JOHANNESBURG (Reuters) -A South African court prevented Zambia’s former president Edgar Lungu from being buried in Johannesburg just before the ceremony was due to be held on Wednesday, following weeks of feuding between his family and the Zambian government.
Lungu, who was Zambia’s head of state from 2015 to 2021, died in South Africa on June 5 while receiving medical treatment.
He and his successor, current President Hakainde Hichilema, were longstanding political rivals, and Lungu’s family said he did not want Hichilema to be present at his funeral.
Hichilema’s government, however, wants Lungu’s body brought back to Zambia for a state funeral and approached Pretoria High Court to try to block his burial.

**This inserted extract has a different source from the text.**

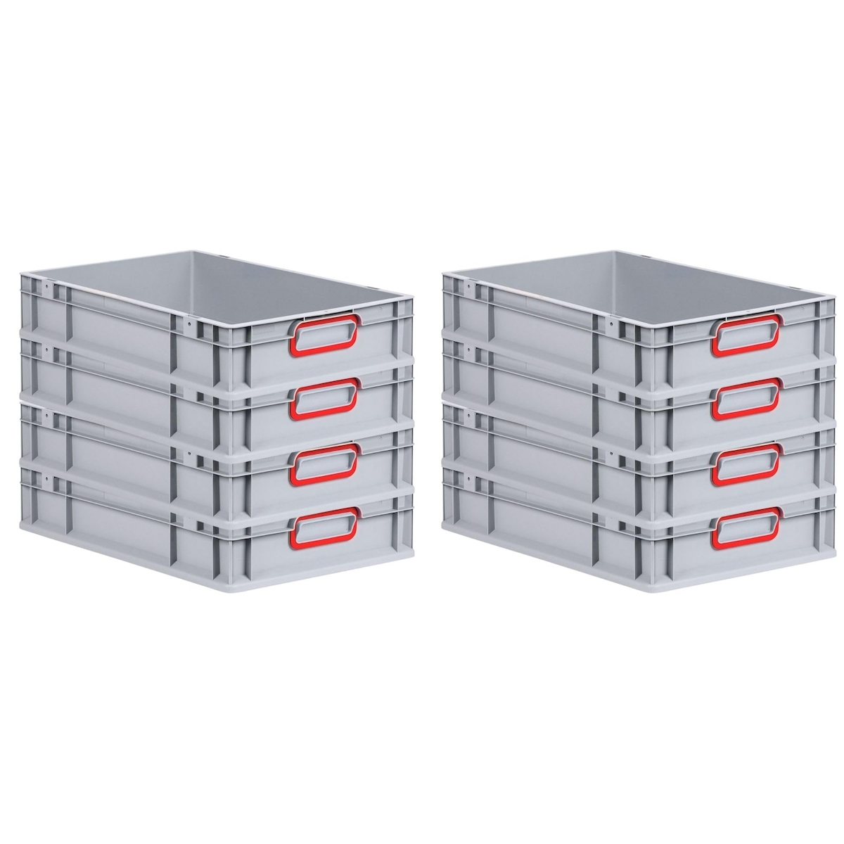 PROREGAL SuperSparSet 8x Eurobox NextGen Color, HxBxT 12x40x60cm, 23 Liter, Griffe rot zu, Grau, Eurobehälter, Box, Transportbehälter

Deputy Judge President Aubrey Phago Ledwaba told the court on Wednesday that lawyers for Lungu’s family and Zambia’s government had agreed that the burial would not go ahead for now. The Zambian government has until July 4 to explain why it wants to repatriate Lungu’s body.

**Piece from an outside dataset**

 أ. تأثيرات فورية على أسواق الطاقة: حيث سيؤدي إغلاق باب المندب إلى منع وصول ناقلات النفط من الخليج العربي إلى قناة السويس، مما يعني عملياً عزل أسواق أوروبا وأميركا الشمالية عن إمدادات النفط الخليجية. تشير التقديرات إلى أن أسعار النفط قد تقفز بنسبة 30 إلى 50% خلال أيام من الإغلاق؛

Zambian Attorney General Mulilo Kabesha said negotiations with Lungu’s family would continue before the next court hearing.

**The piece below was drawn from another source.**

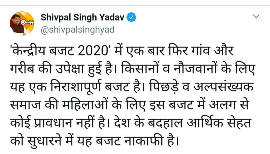 अब केंद्रीय बजट आया है तो शिवपाल यादव ने अपने समर्थकों में संदेश देने के लिए एक बार फिर केंद्र सरकार की आलोचना की है। केंद्रीय बजट 2020 प्रतिक्रिया देते हुए शिवपाल यादव ने बयान जारी करते हुए कहा है कि, केंद्रीय बजट 2020 में एक बार फिर गांव और गरीब की उपेक्षा हुई है किसानों व नौजवानों की यह एक निराशा पूर्ण बजट है पिछड़े व अल्पसंख्यक समाज की महिलाओं के लिए बजट में अलग से कोई प्रावधान नहीं है देश के बदहाल आर्थिक सेहत को सुधारने में यह बजट ना काफी है।

Makebi Zulu, a Lungu family spokesman, said they did not believe Hichilema would give Lungu a dignified send-off.
Lungu had hoped to make a bid to return to office in next year’s presidential election, but Zambia’s Constitutional Court last year ruled he would be ineligible, because he had already served two terms.
South Africa’s government has said it has an obligation to respect the wishes of Lungu’s family, but it feels a state burial in Zambia would be the most fitting outcome.
All of Zambia’s other presidents since its independence from Britain in 1964 have been buried at a designated site in the capital, Lusaka.
Analysts say Lungu’s legacy as Zambian president was chequered. He was praised for a massive road-building programme but also ran the country’s public finances deeply into the red.
Instead of the Johannesburg burial his family had scheduled for Wednesday, a prayer service was held at a Catholic cathedral.